I have been using the v2 hub for four years and have many devices. Most of the lighting is either scheduled or automatic setup using room IR sensors and some rules. I also had ST control my central heating until I changed boilers and decided to go with a system that operates independently of ST. Too many outages made remote control unreliable.
I should have provisioned for this scenario.
Are there any instructions for migrating to a v3 hub from a dead hub?

Given the nature of Hubitat, it would seem reasonable that a larger percentage of the users would visit the forums.

However with SmartThings, it’s probably more reasonable to assume that most users will not have a need for the forums.


Basically, you’re going to have to start over from scratch. SmartThings does not offer a backup and restore feature, or any sort of hub migration tools.


The same applies to any other hubs, right? Is there a DIY hub that offers device migration if your hub is toast?

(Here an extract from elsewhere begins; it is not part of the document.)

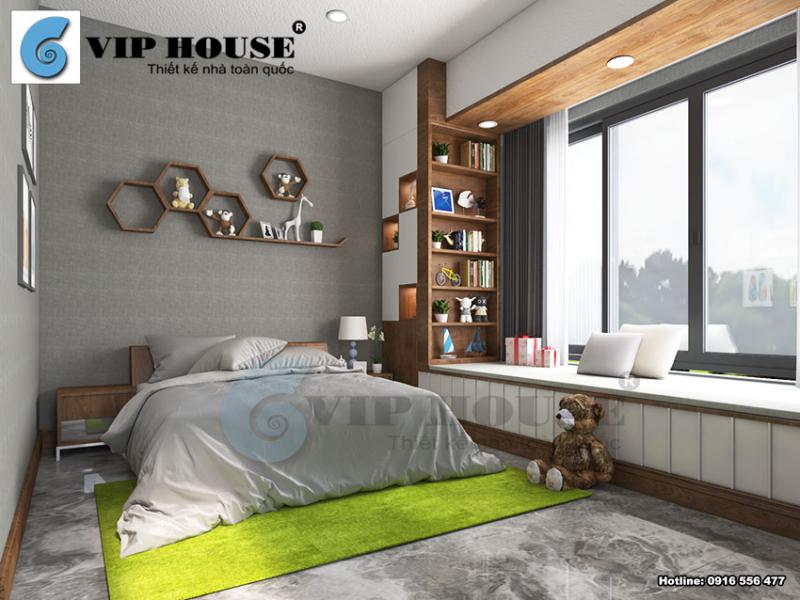 Thiết kế nội thất phòng ngủ con trai nhỏ gia đình còn có thêm không gian dành riêng cho việc học tập và vui chơi của bé.
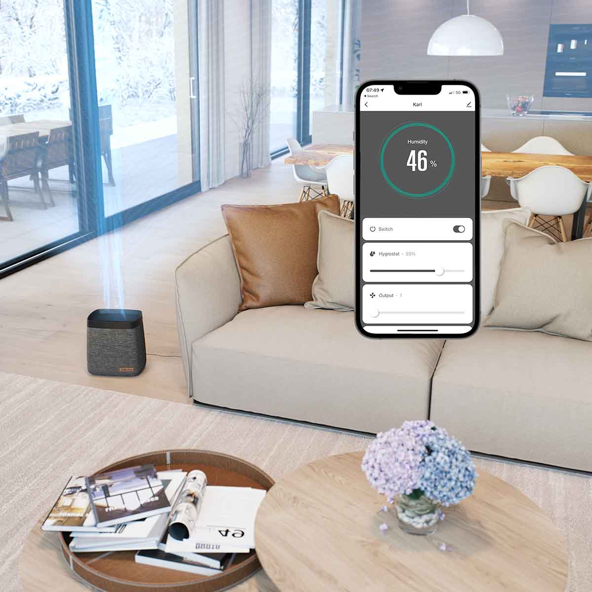 Extra výkonný zvlhčovač vzduchu Karl dostane do vzduchu až 690 g vody za hodinu. Technológia Adaptive HumidityTM zvlhčuje veľmi účinne, ale zároveň úsporne a potichu. Ovládajte všetky funkcie zvlhčovača pomocou aplikácie a majte kontrolu nad vlhkosťou vzduchu v miestnostiach s rozlohou až do 100 m2. Vďaka unikátnemu dizajnu budete chcieť, aby sa Karl stal súčasťou vášho domova.

Right, I wasn’t even considering ST community, they have more than 85k members, which I wouldn’t be surprised if they were from pre-Samsung acquisition. Lol

Well, at one time Wink was able to migrate their Wink V1 hub users to Wink V2 without any user interaction required whatsoever. This worked for Zigbee and Z-Wave devices. Lutron Clear Connect devices required a touch of every switch and dimmer.

Hubitat offers a database backup and restore feature. This at least keeps all of your automations intact if you move from hub to hub. It does require re-pairing of each Zigbee and Z-Wave device. Lutron devices would still just work, as that integration is via the Caseta SmartBridge via Telnet. If you’re moving from a Hubitat C-3 or C-4 hub, you can simply move your USB Radio stick to the new hub, and not have to re-pair any devices. The newer C-5 hub has internal radios, so not quite as simple to migrate from hub to hub.